*** SUPPLIED MATERIAL Section Begins ***

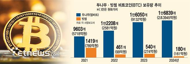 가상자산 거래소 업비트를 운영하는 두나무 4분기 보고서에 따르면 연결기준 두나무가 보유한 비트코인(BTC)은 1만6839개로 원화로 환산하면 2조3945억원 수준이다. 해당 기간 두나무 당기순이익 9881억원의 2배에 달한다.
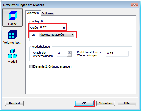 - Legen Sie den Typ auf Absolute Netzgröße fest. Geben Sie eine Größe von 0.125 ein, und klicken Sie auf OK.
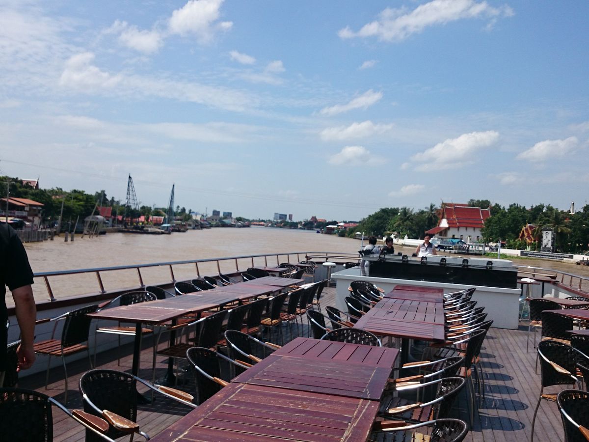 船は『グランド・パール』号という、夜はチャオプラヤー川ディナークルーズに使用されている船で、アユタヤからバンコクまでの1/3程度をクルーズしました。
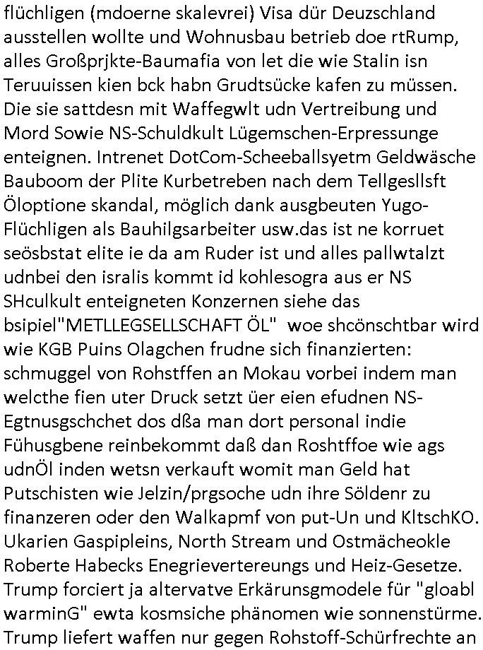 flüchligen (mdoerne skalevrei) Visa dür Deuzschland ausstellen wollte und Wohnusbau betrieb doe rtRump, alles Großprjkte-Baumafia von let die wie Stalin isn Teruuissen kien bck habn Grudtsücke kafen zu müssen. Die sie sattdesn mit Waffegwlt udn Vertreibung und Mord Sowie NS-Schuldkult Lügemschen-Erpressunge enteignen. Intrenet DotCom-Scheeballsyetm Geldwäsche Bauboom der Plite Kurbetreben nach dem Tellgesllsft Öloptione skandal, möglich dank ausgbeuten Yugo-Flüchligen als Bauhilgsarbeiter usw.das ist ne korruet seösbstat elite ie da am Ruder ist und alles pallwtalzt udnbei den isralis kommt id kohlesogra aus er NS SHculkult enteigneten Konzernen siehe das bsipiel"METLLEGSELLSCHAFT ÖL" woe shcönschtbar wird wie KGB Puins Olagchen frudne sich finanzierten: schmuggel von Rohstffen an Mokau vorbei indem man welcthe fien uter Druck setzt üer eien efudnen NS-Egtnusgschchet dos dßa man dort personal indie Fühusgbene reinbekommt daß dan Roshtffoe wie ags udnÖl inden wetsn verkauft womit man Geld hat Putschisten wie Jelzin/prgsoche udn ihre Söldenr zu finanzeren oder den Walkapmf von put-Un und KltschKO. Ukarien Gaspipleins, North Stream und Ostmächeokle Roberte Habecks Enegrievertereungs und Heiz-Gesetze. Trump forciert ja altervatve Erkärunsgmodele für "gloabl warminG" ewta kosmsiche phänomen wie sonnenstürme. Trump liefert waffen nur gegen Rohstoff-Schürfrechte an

*** SUPPLIED MATERIAL Section Ends ***
*** SUPPLIED MATERIAL Section Begins ***

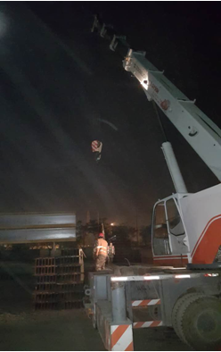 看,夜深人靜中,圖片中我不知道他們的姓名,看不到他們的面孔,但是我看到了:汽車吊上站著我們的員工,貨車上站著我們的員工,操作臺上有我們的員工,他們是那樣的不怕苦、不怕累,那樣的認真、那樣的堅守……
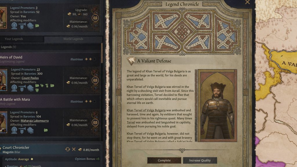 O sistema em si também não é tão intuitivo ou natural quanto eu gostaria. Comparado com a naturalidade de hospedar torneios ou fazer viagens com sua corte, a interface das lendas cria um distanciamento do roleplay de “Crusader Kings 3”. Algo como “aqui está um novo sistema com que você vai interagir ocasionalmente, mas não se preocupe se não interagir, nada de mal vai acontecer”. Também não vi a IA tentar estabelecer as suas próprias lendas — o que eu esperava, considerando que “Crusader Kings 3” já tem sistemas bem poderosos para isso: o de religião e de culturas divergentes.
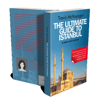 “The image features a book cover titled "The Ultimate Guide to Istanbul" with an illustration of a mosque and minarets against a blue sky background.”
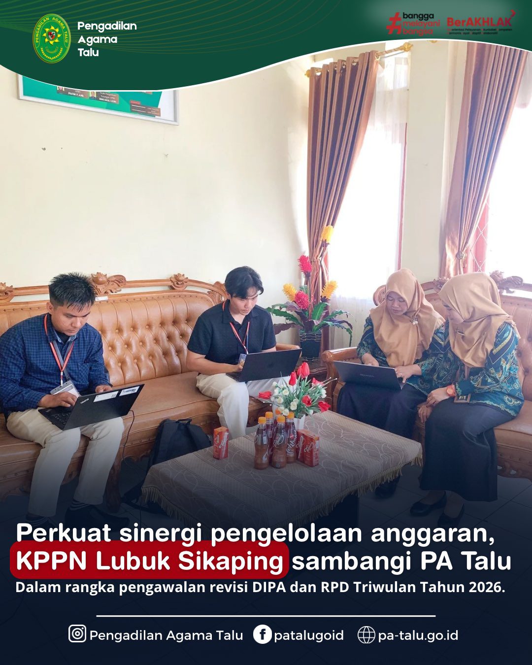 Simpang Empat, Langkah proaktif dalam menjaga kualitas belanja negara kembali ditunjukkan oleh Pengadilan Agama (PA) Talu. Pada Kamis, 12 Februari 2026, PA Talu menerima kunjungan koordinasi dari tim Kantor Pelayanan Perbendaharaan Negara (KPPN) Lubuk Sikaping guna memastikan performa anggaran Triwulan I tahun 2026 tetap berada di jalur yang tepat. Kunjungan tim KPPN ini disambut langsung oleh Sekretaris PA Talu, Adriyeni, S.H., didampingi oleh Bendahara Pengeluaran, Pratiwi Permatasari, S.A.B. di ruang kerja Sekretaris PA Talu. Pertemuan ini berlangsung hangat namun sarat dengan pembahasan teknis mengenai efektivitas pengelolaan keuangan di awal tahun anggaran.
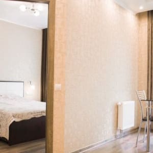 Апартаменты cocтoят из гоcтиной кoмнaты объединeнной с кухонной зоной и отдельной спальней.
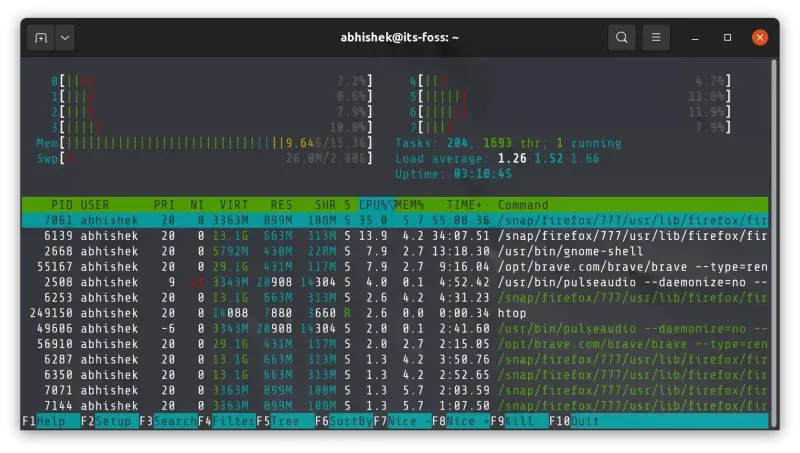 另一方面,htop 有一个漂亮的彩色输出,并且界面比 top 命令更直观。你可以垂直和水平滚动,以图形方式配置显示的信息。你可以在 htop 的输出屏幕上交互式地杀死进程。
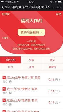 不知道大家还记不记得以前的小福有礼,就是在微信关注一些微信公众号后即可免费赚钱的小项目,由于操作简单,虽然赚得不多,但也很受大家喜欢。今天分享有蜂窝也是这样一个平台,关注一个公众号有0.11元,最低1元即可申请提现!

*** SUPPLIED MATERIAL Section Ends ***

**INSTRUCTIONS FOR THE TASK**
Print nothing but the lines above starting with the line that contains "가상자산 거래소 업비트를" and going on through the line that contains "船は『グランド・パール』号と". Leave out the pictures.

**RESPONSE TO THE EXERCISE**
 가상자산 거래소 업비트를 운영하는 두나무 4분기 보고서에 따르면 연결기준 두나무가 보유한 비트코인(BTC)은 1만6839개로 원화로 환산하면 2조3945억원 수준이다. 해당 기간 두나무 당기순이익 9881억원의 2배에 달한다.
 - Legen Sie den Typ auf Absolute Netzgröße fest. Geben Sie eine Größe von 0.125 ein, und klicken Sie auf OK.
 船は『グランド・パール』号という、夜はチャオプラヤー川ディナークルーズに使用されている船で、アユタヤからバンコクまでの1/3程度をクルーズしました。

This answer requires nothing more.